··· Data for this exercise ···

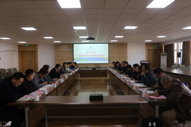 本网讯 (党政办公室) 12月19日下午,河源职业技术学院院长陈德清等一行11人到我院交流访问,考察学习我院数字化校园建设、信息化教学、在线教育平台建设、教学质量诊断与改进等方面的相关经验,我院院长姜玉鹏、相关部门负责人在办公楼四楼会议室与来访客人进行了座谈交流。
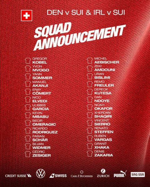 Selektori i Kombëtares së Zvicrës, Murat Yakin e ka publikuar sot listën e futbollistëve të ftuar për miqësoret e marsit.
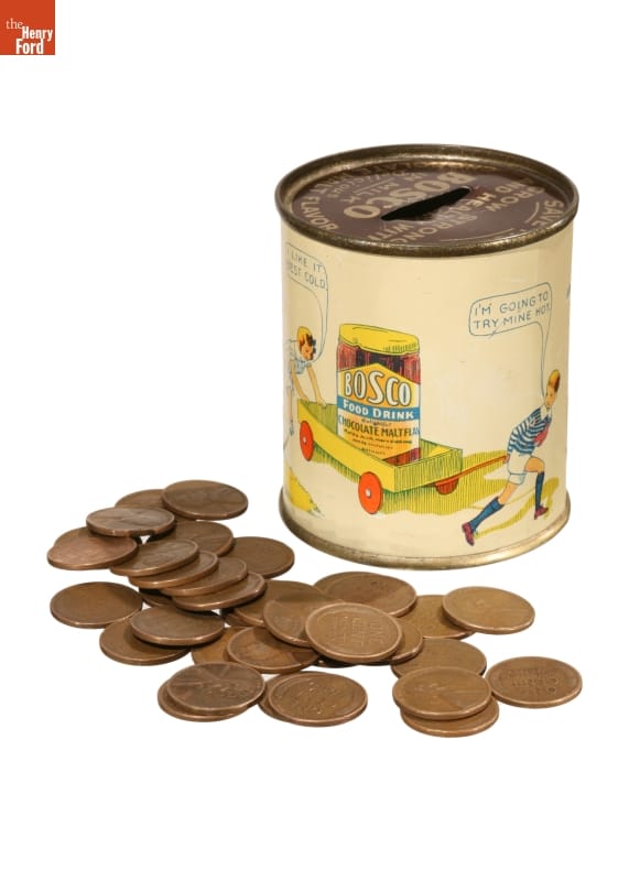 Despite critics' warnings about tooth decay, acne, and weight gain, chocolate drinks began to be promoted as a nutritional health food for children during the 1920s. Bosco, a chocolate syrup introduced 1928, was advertised as a good way to get children to drink more milk. This bank might have been a promotional giveaway.
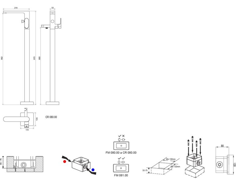 Смеситель устанавливается с ванной Freedom О или Freedom R . Для очистки внешней поверхности используйте средство RAVAK Cleaner Chrome.
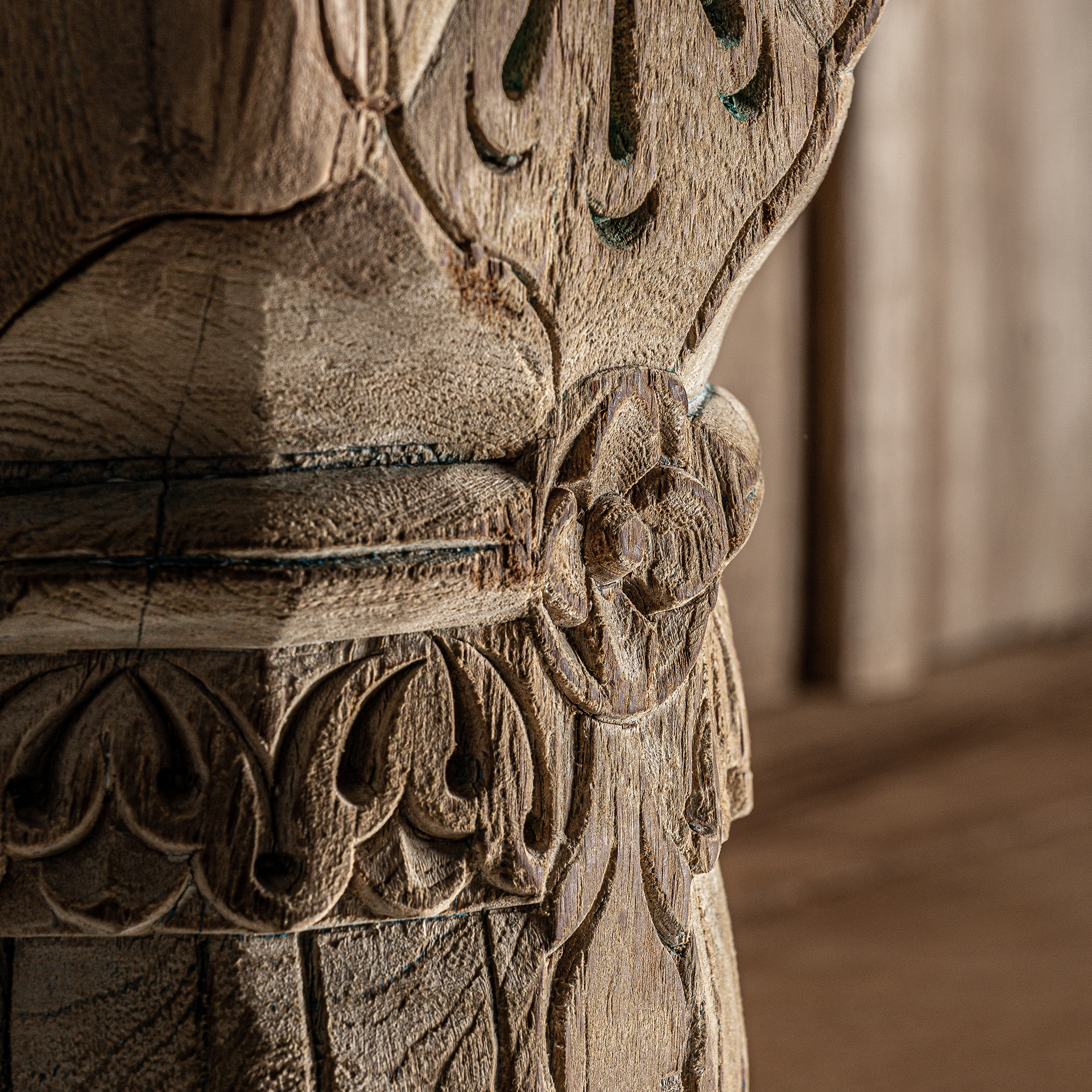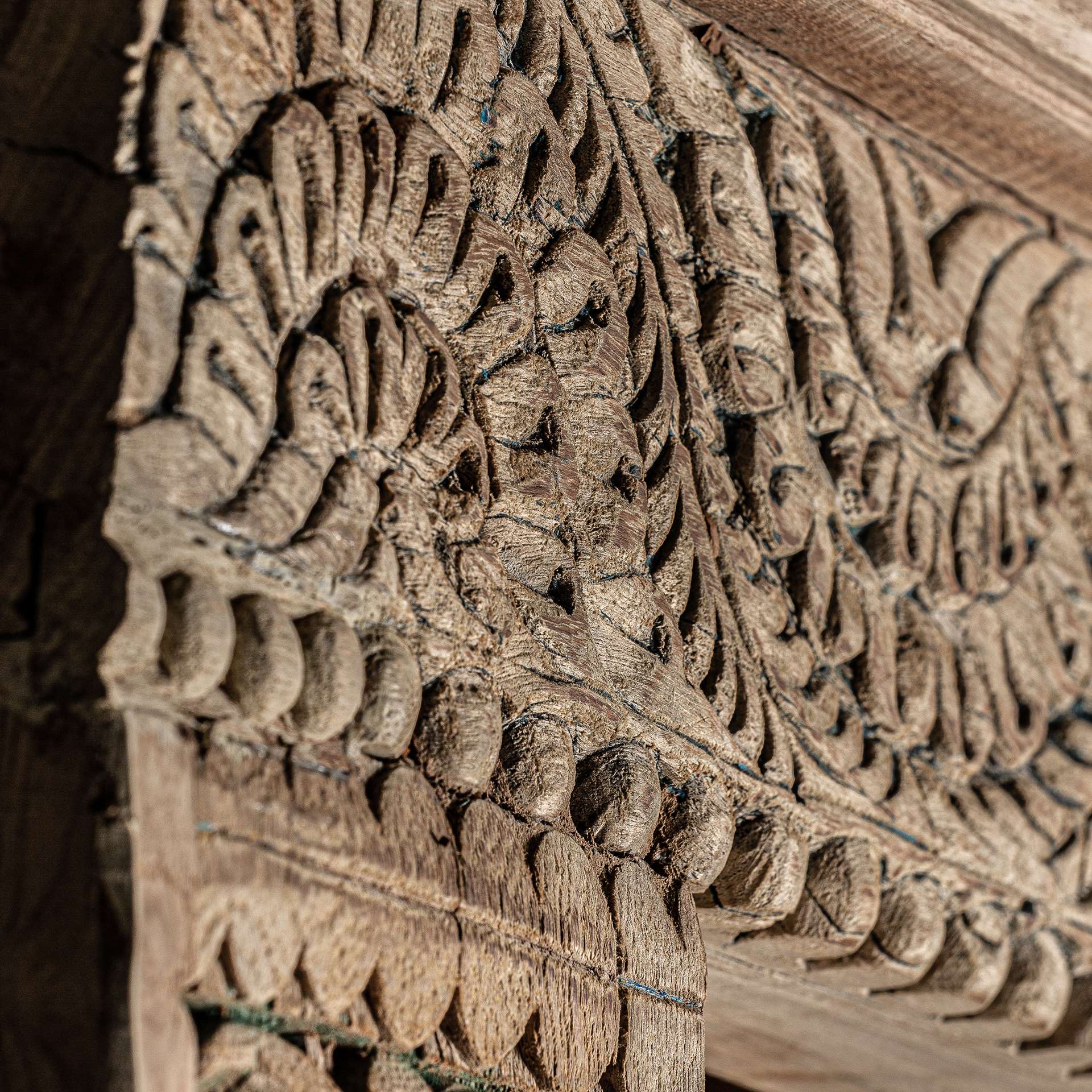 Estanteria Tedim de estilo étnico, fabricado en madera de mango en color marrón con acabado envejecido, combinado con madera de teka.

···

§ Task: In the copy, include all records verbatim but no images.

§ Solution to this problem:
 本网讯 (党政办公室) 12月19日下午,河源职业技术学院院长陈德清等一行11人到我院交流访问,考察学习我院数字化校园建设、信息化教学、在线教育平台建设、教学质量诊断与改进等方面的相关经验,我院院长姜玉鹏、相关部门负责人在办公楼四楼会议室与来访客人进行了座谈交流。
 Selektori i Kombëtares së Zvicrës, Murat Yakin e ka publikuar sot listën e futbollistëve të ftuar për miqësoret e marsit.
 Despite critics' warnings about tooth decay, acne, and weight gain, chocolate drinks began to be promoted as a nutritional health food for children during the 1920s. Bosco, a chocolate syrup introduced 1928, was advertised as a good way to get children to drink more milk. This bank might have been a promotional giveaway.
 Смеситель устанавливается с ванной Freedom О или Freedom R . Для очистки внешней поверхности используйте средство RAVAK Cleaner Chrome.
 Estanteria Tedim de estilo étnico, fabricado en madera de mango en color marrón con acabado envejecido, combinado con madera de teka.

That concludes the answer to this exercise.